Published on 2025-08-07T06:18:08Z

Google-Extended

Google-Extended is not a web crawler itself, but a special control mechanism that allows website owners to manage whether their content can be used to train Google's generative AI models, such as Gemini and Vertex AI. By using a specific directive in a robots.txt file, publishers can opt out of having their content used for AI training purposes without affecting their site's visibility or ranking in Google Search results. It was introduced by Google to give creators more control over their content in the age of AI.

What is Google-Extended?

Google-Extended is a control mechanism, not a separate web crawler, introduced by Google to give website owners control over the use of their content for training Google's AI models. It functions as a special token that can be used in a robots.txt file. It works in conjunction with Google's existing crawlers, like Googlebot. While Googlebot still crawls the site for search indexing, the Google-Extended token in robots.txt tells Google whether that crawled content can also be used to train and improve AI systems like Google Gemini and the Vertex AI APIs.

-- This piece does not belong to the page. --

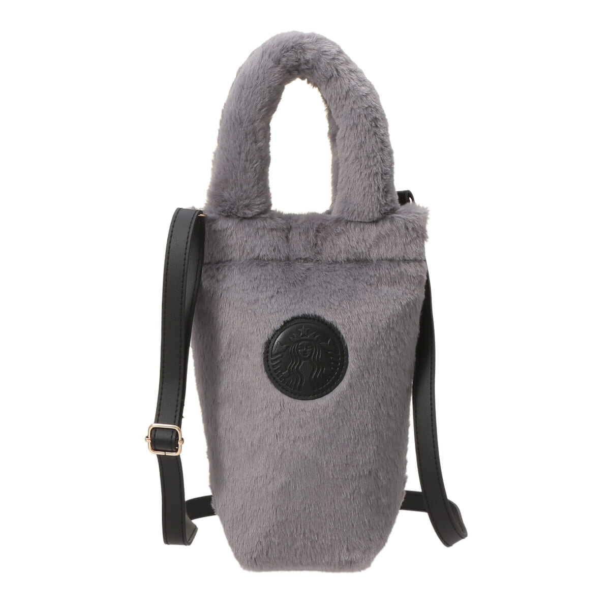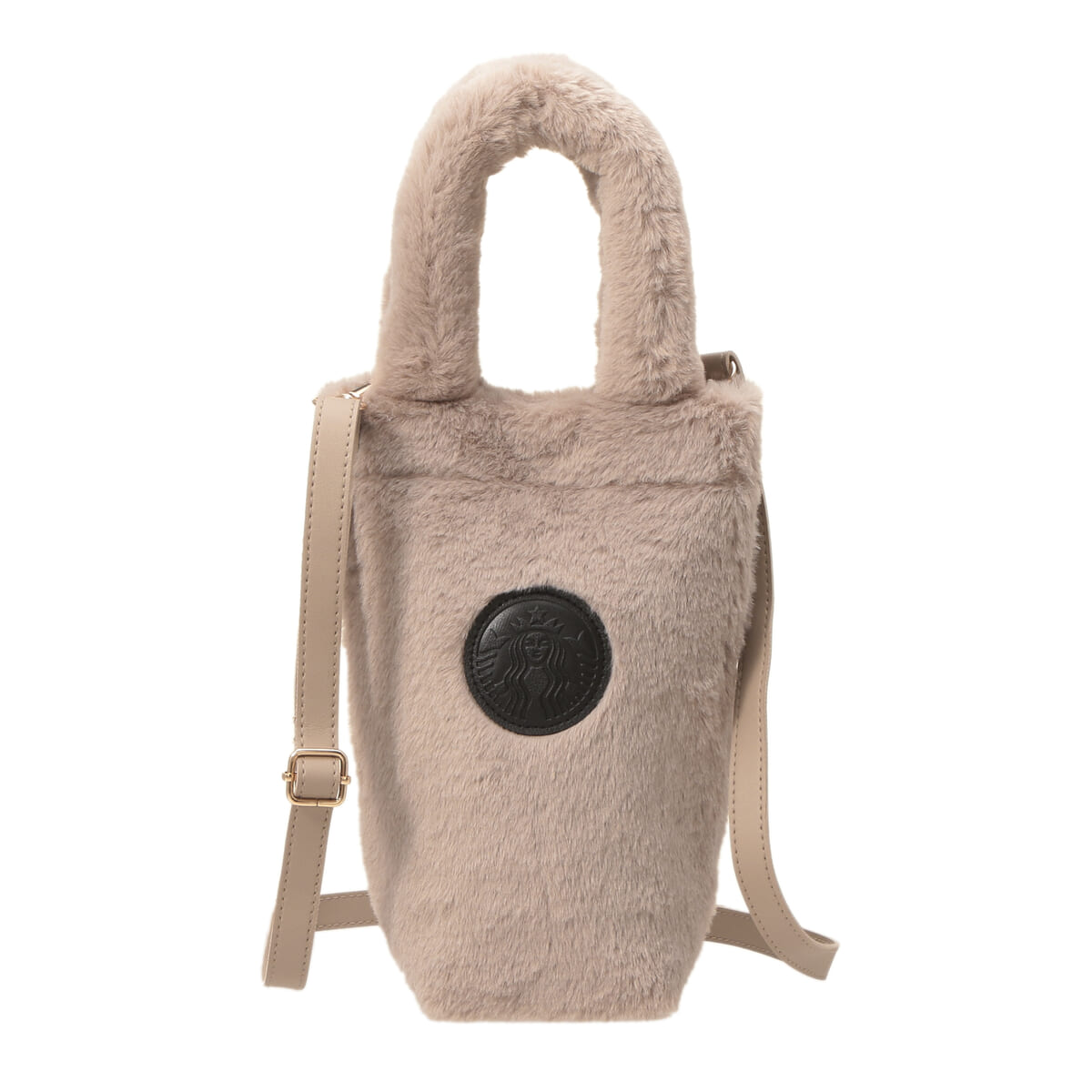 あたたかみのあるもこもこしたファーのボトルショルダーバッグ。

Why is Google-Extended relevant to my site's crawling?

Google-Extended does not crawl your site independently. Instead, it is a rule that Google's regular crawlers (like Googlebot) look for when they visit. If you have not explicitly blocked Google-Extended in your robots.txt file, Google considers your content eligible for use in training its AI models. This process is part of Google's standard crawling operations. The frequency of these crawls is determined by your site's normal crawl budget, which is influenced by factors like your content update schedule and site authority.

What is the purpose of Google-Extended?

The primary purpose of Google-Extended is to act as a consent and control mechanism, giving publishers a clear choice about whether to contribute their content to the development of Google's AI ecosystem. It specifically governs the use of content for training Google Gemini and Vertex AI generative APIs. Google introduced this in response to publisher concerns about the use of their content for AI training. Importantly, opting out via Google-Extended is designed to have no negative impact on a site's inclusion or ranking in standard Google Search results.

How do I use Google-Extended to block AI training?

To prevent your website's content from being used to train Google's generative AI models, you need to add a specific rule to your robots.txt file. This will opt your site out of data collection for this purpose without affecting your Google Search ranking.

To block content use for Google's AI models, add the following lines to your robots.txt file:

User-agent: Google-Extended
Disallow: /

How to verify the authenticity of the user-agent operated by Google?

Reverse IP lookup technique

To verify user-agent authenticity, you can use host linux command two times with the IP address of the requester.

```
> host IPAddressOfRequest
```
This command returns the reverse lookup hostname (e.g., 4.4.8.8.in-addr.arpa.).

> host ReverseDNSFromTheOutputOfFirstRequest

If the output matches the original IP address and the domain is associated with a trusted operator (e.g., Google), the user-agent can be considered legitimate.

IP list lookup technique

Some operators provide a public list of IP addresses used by their crawlers. This list can be cross-referenced to verify a user-agent's authenticity. However, both operators and website owners may find it challenging to maintain an up-to-date list, so use this method with caution and in conjunction with other verification techniques.